The proposed legislation threatens life imprisonment for anyone found guilty of treason, secession, subversion or sedition. Anyone convicted of inciting violence or public disorder could be imprisoned for up to seven years.
Clearly, every government has a right, indeed a duty, to protect its national security. But the worrying feature of this proposed legislation is that it gives Hong Kong's government - and by extension Communist Party bosses in Beijing - a lot of leeway in determining what constitutes national security.
The suspicion is that this will be targeted against anyone that Beijing deems politically unacceptable in Hong Kong, most notably the Falun Gong spiritual movement that has until now enjoyed some measure of protection.
In 1990, just 10 months after the brutal suppression of demonstrations in Tiananmen Square, the National People's Congress in Beijing promulgated the Basic Law for Hong Kong, defining how the city was to be governed. Under article 23, the Hong Kong government was obliged to enact strict laws prohibiting treason against the central government and theft of state secrets and preventing political bodies from establishing links with foreign organisations. Beijing recently indicated that it wanted Hong Kong to pass this legislation. Tung Chee-hwa, the city's chief executive, has now jumped.
Since becoming chief executive, Mr Tung has earned a lot of trust in Beijing. It is a pity that he has not been able to reap the political dividends over this particular issue. Forcing Hong Kong to implement the laws now would come as a further blow to confidence at a time when the city is already suffering from serious economic pressures.

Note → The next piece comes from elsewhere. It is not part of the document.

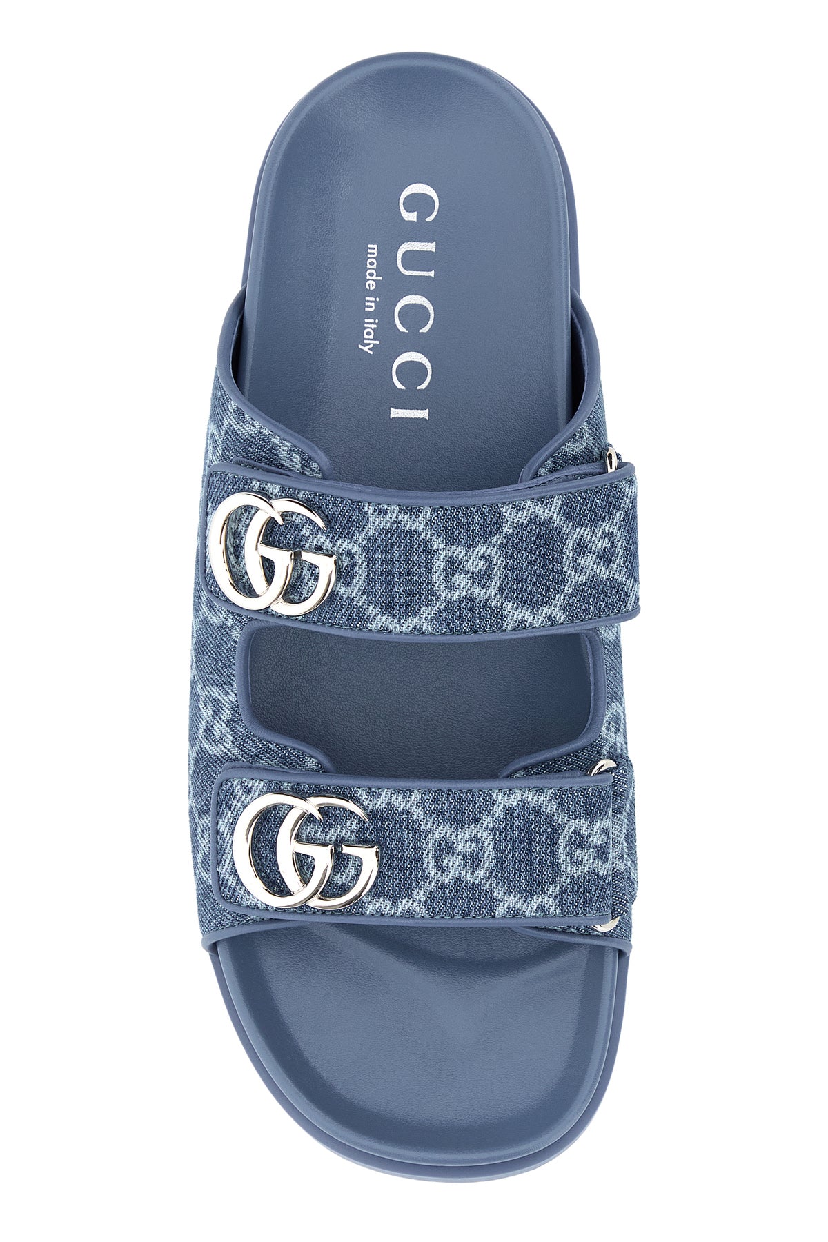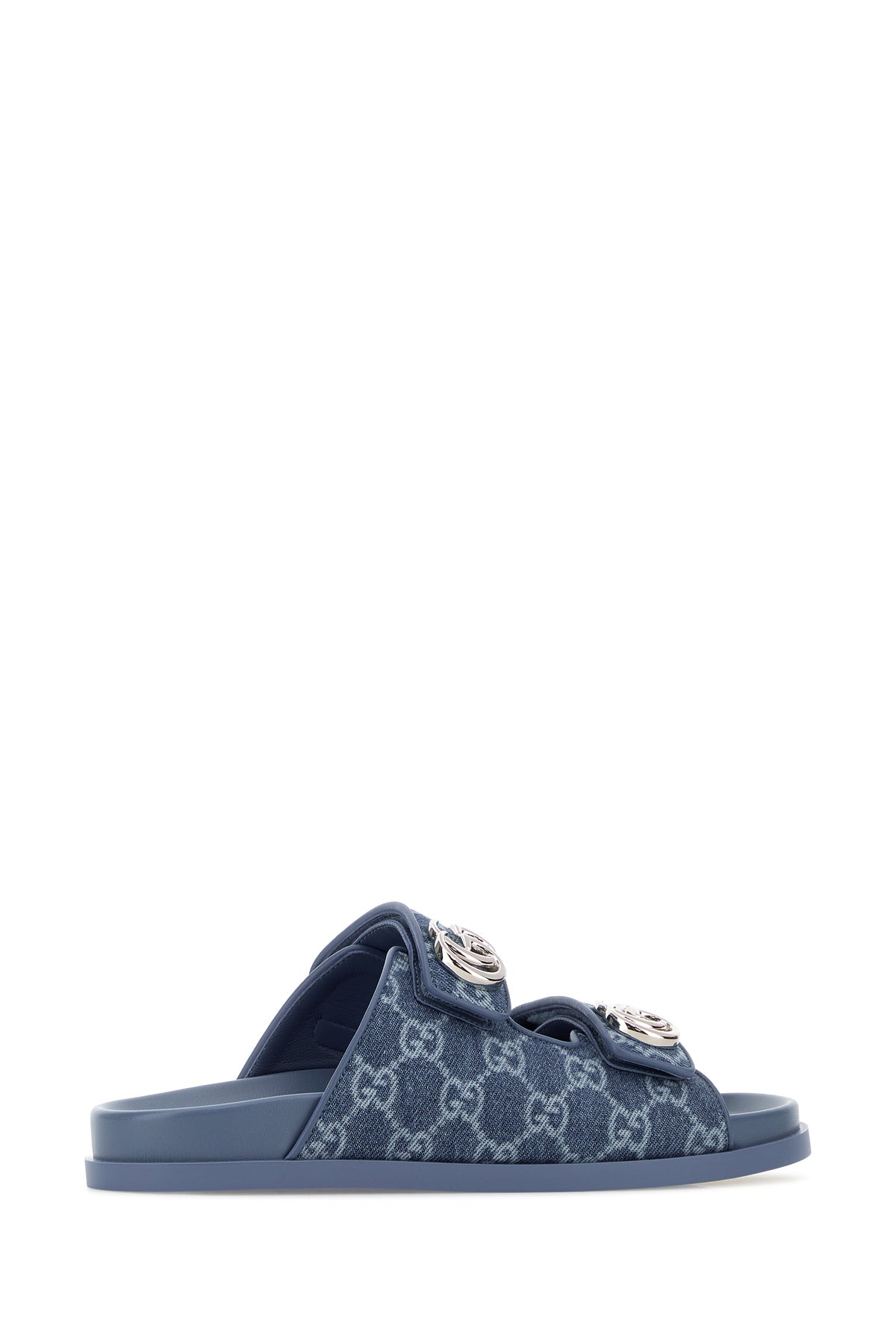 Slippers realized in denim characterized by GG print enriched by GG metal detail on the instep.

To be fair, the Chinese government has so far refrained from any heavy intervention in Hong Kong. The city's government is also promising a three-month period of public consultation about the new legislation. But if Mr Tung's record is any guide, it seems unlikely that his government's proposals will diverge in any significant way from Beijing's wishes. In practice, the legislation will give Beijing absolute control over the mass media and all dissident groups.
A large part of Hong Kong's success has been attributable to the independent enforcement of the rule of law. It would be a terrible shame - and a threat to the city's future prosperity - if this were to be replaced by the rule of politics. Hong Kong would then slide rapidly towards one country, one system, eroding its unique status as China's laboratory for more open and democratic government.